Späte Prophase, oder Prometaphase, beginnt mit dem Aufbrechen der Kernhülle, die in kleine Membranbläschen zerfällt, die dem endoplasmatischen Retikulum sehr ähnlich sind und meist um die mitotische Spindel herum sichtbar bleiben. Während dieser Zeit kondensieren die Chromosomen weiter und verkürzen und verdicken sich allmählich, bis sie vollständig die Einheiten gebildet haben, die die Mitose durchlaufen werden. Auch der Nukleolus, der in einigen Zellen noch vorhanden sein kann, verschwindet in der Prometaphase vollständig.

Das obige digitale Fluoreszenzmikroskopie-Bild zeigt eine einzelne Rattenkänguru-Nierenzelle (PtK2) in den frühen Stadien der Prometaphase. Das Chromatin ist mit einer blau fluoreszierenden Sonde (DAPI) angefärbt, während das Mikrotubuli-Netzwerk (mitotische Spindel) grün (Alexa Fluor 488) und die zellulären Mitochondrien mit einem roten Farbstoff (MitoTracker Red CMXRos) angefärbt sind. Während der Prometaphase sind die Mikrotubuli der mitotischen Spindel nun frei, um in die Kernregion einzudringen, und die Bildung von spezialisierten Proteinkomplexen, die als Kinetochoren bekannt sind, beginnt an jedem Zentromer. Diese Komplexe werden an eine Untergruppe der Spindelmikrotubuli angehängt, die dann als Kinetochor-Mikrotubuli bezeichnet werden. Andere Mikrotubuli in der Spindel (die nicht an den Zentromeren befestigt sind) werden als polare Mikrotubuli bezeichnet, und diese helfen bei der Bildung und Aufrechterhaltung der Spindelstruktur zusammen mit astralen Mikrotubuli, die außerhalb der Spindel verbleiben.

Die Grenze zwischen Prophase und Prometaphase wird durch den schnellen Beginn der Phosphorylierung in der gesamten Kernlamina bestimmt, ausgelöst durch die Aktivierung eines Enzyms, das als Mitose-induzierende Proteinkinase (abgekürzt MPF) bezeichnet wird. Der Kernmembrankomplex zerfällt daraufhin in Vesikel und legt die kondensierten Chromosomen dem expandierenden Mikrotubuli-Netzwerk der mitotischen Spindel frei.

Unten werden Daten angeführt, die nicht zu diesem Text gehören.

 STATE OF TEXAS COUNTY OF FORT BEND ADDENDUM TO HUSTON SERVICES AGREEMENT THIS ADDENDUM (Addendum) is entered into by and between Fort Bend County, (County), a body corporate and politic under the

Im Lichtmikroskop lassen sich die Kernmembranbläschen, die von ähnlichen disaggregierten Teilen des endoplasmatischen Retikulums kaum zu unterscheiden sind, in der Region um die wachsende Spindel sichtbar machen.

Wenn die Kinetochor-Mikrotubuli an ihren Rezeptoren auf den Kinetochoren der Chromatiden ansetzen, werden die Chromosomen in eine unruhige Bewegung gebracht und bewegen sich unter der Spannung der Spindel schnell hin und her. Gleichzeitig interagieren polare Mikrotubuli, die von den Zentrosomen ausgehen, miteinander, um ein Verbindungsnetzwerk zwischen den Chromosomen zu bilden und die Struktur der mitotischen Spindel weiter zu etablieren. Die Kinetochoren werden am Zentromer jedes Chromatids zusammengefügt, so dass zwei Kinetochoren pro Chromosom entstehen. Schließlich, in der Anaphase, ziehen die Kinetochoren-Mikrotubuli die Schwesterchromatiden zu den entgegengesetzten Polen der mitotischen Spindel, um sicherzustellen, dass jede Tochterzelle ein vollständiges genetisches Komplement an Chromosomen erhält.

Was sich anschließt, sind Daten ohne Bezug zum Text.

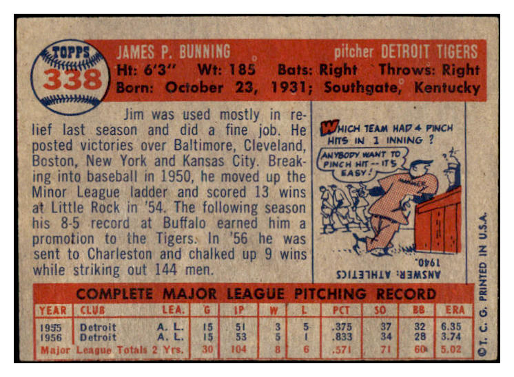 1957 Topps Baseball #338 Jim Bunning Tigers EX 523799

Die Komplexität der Beziehung zwischen Kinetochoren und der mitotischen Spindel spiegelt die Anforderung an eine genaue Verteilung des genetischen Materials zwischen sich teilenden Zellen wider. Der häufigste Fehler in der Mitose ist die fehlende Trennung der Schwesterchromatiden, was dazu führt, dass eine der beiden Tochterzellen beide Chromosomenkopien erhält. Dieser Fehler, der etwa einmal in 100.000 Zellteilungen auftritt, kann auftreten, wenn Chromatiden nicht am richtigen Spindelpol anhaften oder wenn ein Chromatidenpaar nur an einem Pol anhaftet. In manchen Fällen werden die beiden Schwesterchromatiden zwar korrekt im mitotischen Spindelapparat zusammengefügt, trennen sich aber in der Anaphase einfach nicht.